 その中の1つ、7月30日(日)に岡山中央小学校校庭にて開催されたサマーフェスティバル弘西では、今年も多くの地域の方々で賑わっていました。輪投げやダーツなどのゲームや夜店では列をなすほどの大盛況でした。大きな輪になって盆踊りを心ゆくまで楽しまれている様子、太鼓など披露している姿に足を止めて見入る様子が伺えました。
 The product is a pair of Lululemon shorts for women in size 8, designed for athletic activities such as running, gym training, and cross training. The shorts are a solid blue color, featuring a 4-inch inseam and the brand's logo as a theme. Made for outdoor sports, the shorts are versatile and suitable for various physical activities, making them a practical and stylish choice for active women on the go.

========================================================================

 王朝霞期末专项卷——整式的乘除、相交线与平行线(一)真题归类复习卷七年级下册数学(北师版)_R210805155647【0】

========================================================================

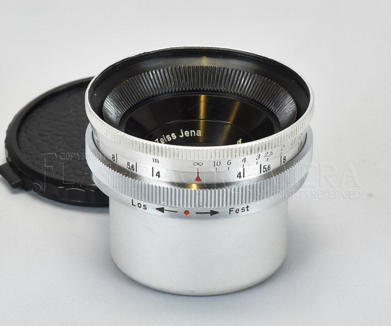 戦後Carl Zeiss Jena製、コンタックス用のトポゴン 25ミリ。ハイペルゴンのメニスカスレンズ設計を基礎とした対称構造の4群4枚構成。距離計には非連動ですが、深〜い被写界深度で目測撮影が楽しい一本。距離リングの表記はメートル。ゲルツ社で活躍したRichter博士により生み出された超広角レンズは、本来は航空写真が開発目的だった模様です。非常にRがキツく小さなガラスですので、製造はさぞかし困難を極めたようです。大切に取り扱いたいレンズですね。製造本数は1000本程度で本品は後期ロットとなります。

========================================================================

■ Work instructions ■
Reproduce exactly the stretch of the material above that starts at the line with "その中の1つ、7月30日(日" and ends at the line with "The product is", both included, and nothing else.

■ Solution for this task ■
 その中の1つ、7月30日(日)に岡山中央小学校校庭にて開催されたサマーフェスティバル弘西では、今年も多くの地域の方々で賑わっていました。輪投げやダーツなどのゲームや夜店では列をなすほどの大盛況でした。大きな輪になって盆踊りを心ゆくまで楽しまれている様子、太鼓など披露している姿に足を止めて見入る様子が伺えました。
 The product is a pair of Lululemon shorts for women in size 8, designed for athletic activities such as running, gym training, and cross training. The shorts are a solid blue color, featuring a 4-inch inseam and the brand's logo as a theme. Made for outdoor sports, the shorts are versatile and suitable for various physical activities, making them a practical and stylish choice for active women on the go.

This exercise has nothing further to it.